The big challenge now for Joorabchian is to have the discipline to stick with the programme he’s laid out and resist the temptation to rip it all apart when something goes wrong. A chaotic approach in this game is an unsuccessful one. 

Amo have had 17 different horses win in 2024 and 10 of them have been trained by different trainers. That is simply a ridiculous spread and smacks of an operation with all the gear and no idea.

Sir Mark Prescott is renowned for his patient approach and may clash with Joorabchian

Sir Mark Prescott is renowned for his patient approach and may clash with Joorabchian

Rossa Ryan won the Arc with Bluestocking this month... years after losing the top job at Amo

Rossa Ryan won the Arc with Bluestocking this month… years after losing the top job at Amo

 For too long, Amo Racing has been a far too volatile operation to genuinely succeed – but this could be the week the penny has dropped for Joorabchian. Now he must resist the urge to throw a hand grenade into his best-laid plan. If he does then that £22m will go up in smoke fairly quickly.

PERFORMANCE OF THE WEEK…

Plenty of candidates from Future Champions weekend at Newmarket. Desert Flower was wildly impressive in the Fillies’ Mile and is just about the right favourite for next year’s 1,000 Guineas ahead of Lake Victoria, while the late absence of The Lion In Winter took the shine off the Dewhurst Stakes. Bluestocking was good in the Arc but it must be noted that it wasn’t a strong renewal. The honour instead goes to RAMATUELLE who was mightily impressive in the Foret.

The French may have been outpointed on Arc weekend by the British and Irish battalion but Christopher Head’s three-year-old filly produced a wicked turn of foot to slam some useful rivals by three lengths. She’s an exciting and versatile horse going forward that will stay in training next year. She will also take in the Breeders’ Cup in Del Mar next month.

SELECTION OF THE DAY…

This is a perilous couple of weeks for punters as the Flat season concludes and the jumps season gets underway. It’s difficult to get a true gauge on what horses will be fit for the start of the jumps and determining which horses have had enough at the end a long Flat season.

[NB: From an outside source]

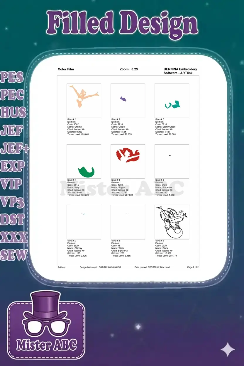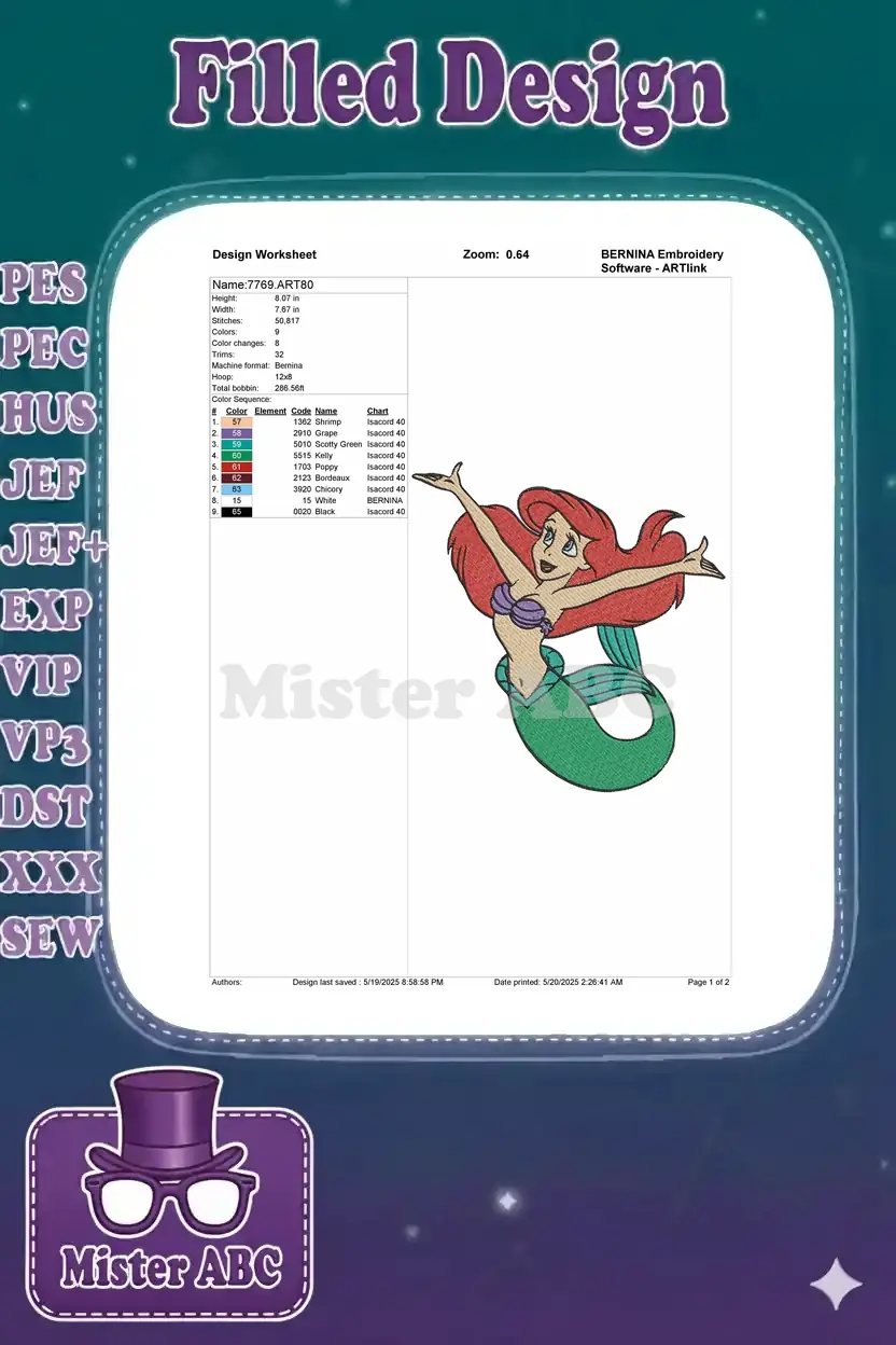 Dive into a magical underwater world with this vibrant Ariel embroidery design. Perfect for enchanting projects and fans!

With race form hard to assess at this time of the year, it might be wise to place more emphasis on trainer targets at the start of the jumps or, even better, just take a back seat for a few weeks to get your eye in as there’s plenty of decent stuff still happening on the Flat.

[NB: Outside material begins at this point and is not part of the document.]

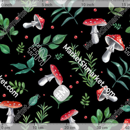 Акварельные мухоморы и листья на черном фоне by Loft Bat 178 DPI

So it’s off to Goodwood for the Inkerman London Handicap (4.45) over a mile where DASHING DARCEY (9-2, bet365) is taken to like the soft ground for Roger Varian. Midfield in the Britannia Stakes on fast ground, he ran well off a three-month break at Salisbury on softer conditions and a lack of race fitness just cost him near the end where he finished second. He can make amends today off a workable mark of 92.